# Finally got the new band website done!



## sadowsky13 (Feb 26, 2007)

Just finished the new band website www.mudcreek.ca yeehaw!


----------



## ezcomes (Jul 28, 2008)

cool site! way to go!


----------



## bluzfish (Mar 12, 2011)

I like it. Very attractive, informative and professional.

BTW the clips are great but could be of better quality. I found them a bit muddy. I really like Danni's vocals though and the whole band sounds energetic and tight.


----------



## sadowsky13 (Feb 26, 2007)

bluzfish said:


> I like it. Very attractive, informative and professional.
> 
> BTW the clips are great but could be of better quality. I found them a bit muddy. I really like Danni's vocals though and the whole band sounds energetic and tight.

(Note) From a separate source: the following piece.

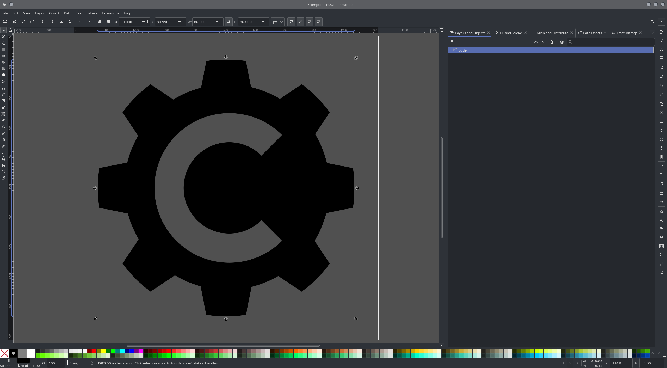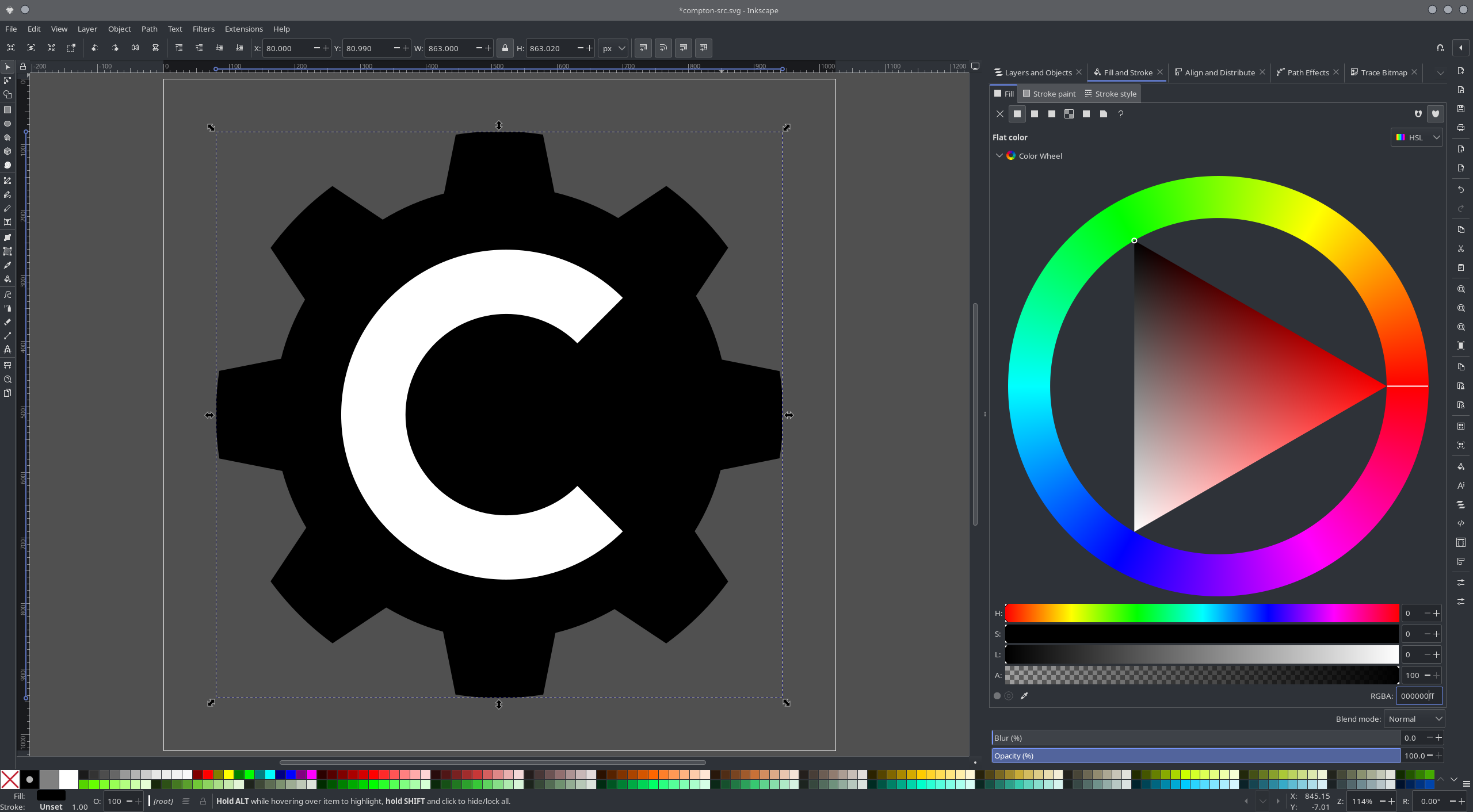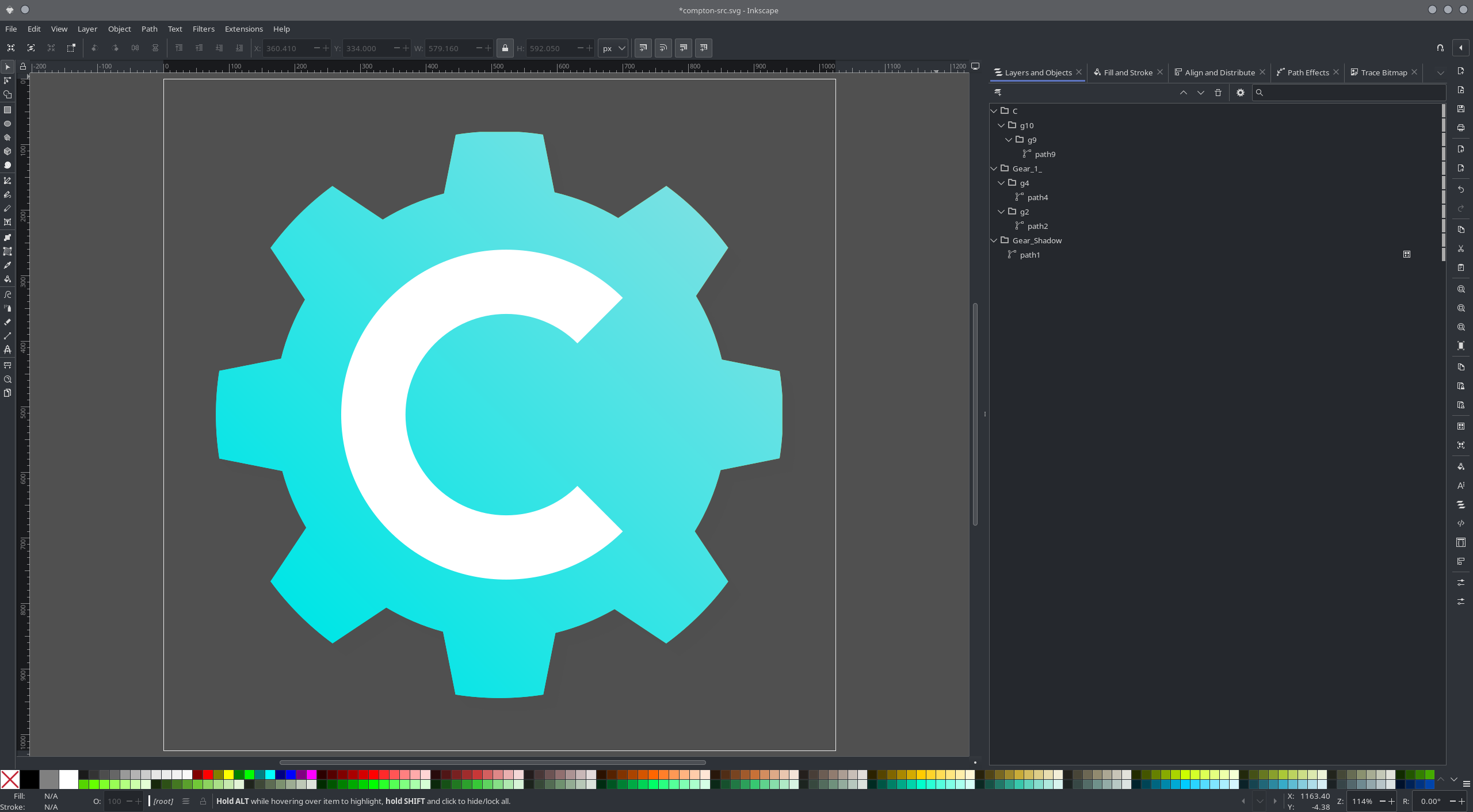 To make the icon truly monochrome, I needed to cut out the ‘C’ from the gear shape.

Thanks for the input! Yeah wanted to get something up ASAP so it's a very basic recording live off the floor no eq, no mix. Hoping to get some quality ones soon but figured in the meantime it gives a pretty decent idea of what the band is like.

- - - Updated - - -



ezcomes said:


> cool site! way to go!


Thanks a lot!


----------



## james on bass (Feb 4, 2006)

Good site. Very easy to navigate and read.


----------



## Option1 (May 26, 2012)

Very cool. Well done!

Neil


----------



## bagpipe (Sep 19, 2006)

Looks nice. Which one are you ?


----------



## fredyfreeloader (Dec 11, 2010)

bluzfish said:


> I like it. Very attractive, informative and professional.
> 
> BTW the clips are great but could be of better quality. I found them a bit muddy. I really like Danni's vocals though and the whole band sounds energetic and tight.


I agree, the vocals are great she has a very strong commanding voice, the mix needs a little more mixing. I hope we see and hear more from the group.


----------



## sadowsky13 (Feb 26, 2007)

bagpipe said:


> Looks nice. Which one are you ?


The Pleasantly plump older guitar player  Brendan

- - - Updated - - -



fredyfreeloader said:


> I agree, the vocals are great she has a very strong commanding voice, the mix needs a little more mixing. I hope we see and hear more from the group.


Thanks, I really lucked out with her. Unfortunately it was not recorded into separate tracks we just took a direct feed from the board and not the actual house mix. But I think until we can get something else put together it gives a good idea of what the band is like. Thanks for the input!


----------